Stored dataset items:
┄┄┄┄┄┄┄┄┄┄

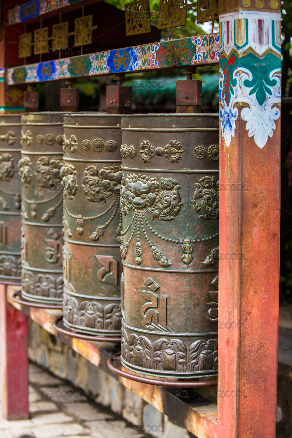 藏传佛教寺庙里面的转经筒,大光圈拍摄
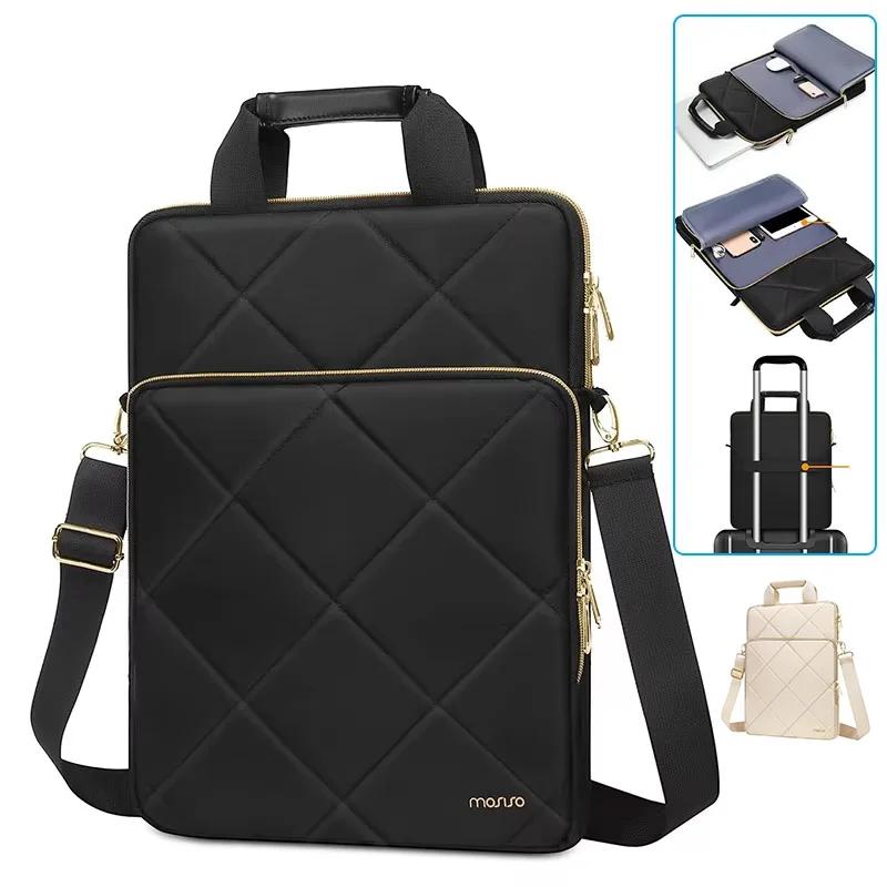 - Removable and adjustable padding shoulder strap varied from 31.30 – maximum 56.3 inch. You can use it as messenger shoulder bag, crossbody bag, briefcace hadbag and sleeve bag in whatever way you like. Dual sturdy handles for long time comfortably carrying.
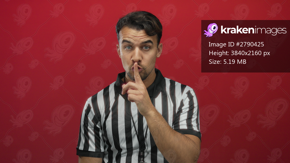 Young hispanic man referee in striped shirt making hush gesture on isolated red background conveying silence and authority.
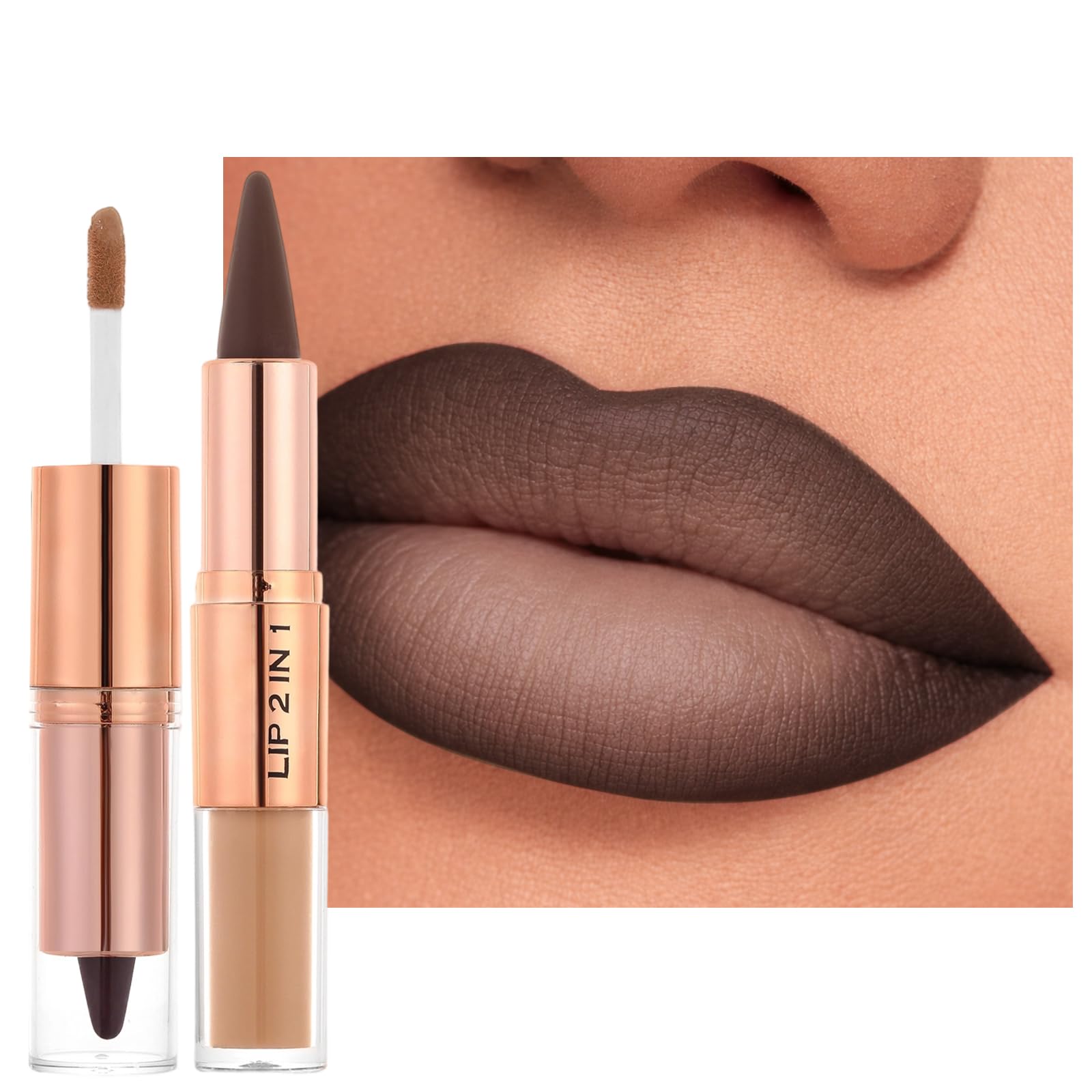 Erinde 2-en-1 Crayon à Lèvres Lip Gloss, Rouge a Levre Matte et Lip Liner Mat, Haute Pigmentation, Longue Tenue, Formule Nourrissante pour des Lèvres Plus Pleines. 01 Matte
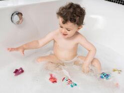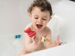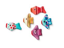 Wykonane zostały z miękkiego, łatwego do czyszczenia i szybkoschnącego neoprenu. Zestaw składa się z 5 bajecznie kolorowych rybek w fantastyczne wzory, które pobudzają dziecięcą ciekawość.

┄┄┄┄┄┄┄┄┄┄

Each entry above should be reproduced exactly, with the pictures removed.

 藏传佛教寺庙里面的转经筒,大光圈拍摄
 - Removable and adjustable padding shoulder strap varied from 31.30 – maximum 56.3 inch. You can use it as messenger shoulder bag, crossbody bag, briefcace hadbag and sleeve bag in whatever way you like. Dual sturdy handles for long time comfortably carrying.
 Young hispanic man referee in striped shirt making hush gesture on isolated red background conveying silence and authority.
 Erinde 2-en-1 Crayon à Lèvres Lip Gloss, Rouge a Levre Matte et Lip Liner Mat, Haute Pigmentation, Longue Tenue, Formule Nourrissante pour des Lèvres Plus Pleines. 01 Matte
 Wykonane zostały z miękkiego, łatwego do czyszczenia i szybkoschnącego neoprenu. Zestaw składa się z 5 bajecznie kolorowych rybek w fantastyczne wzory, które pobudzają dziecięcą ciekawość.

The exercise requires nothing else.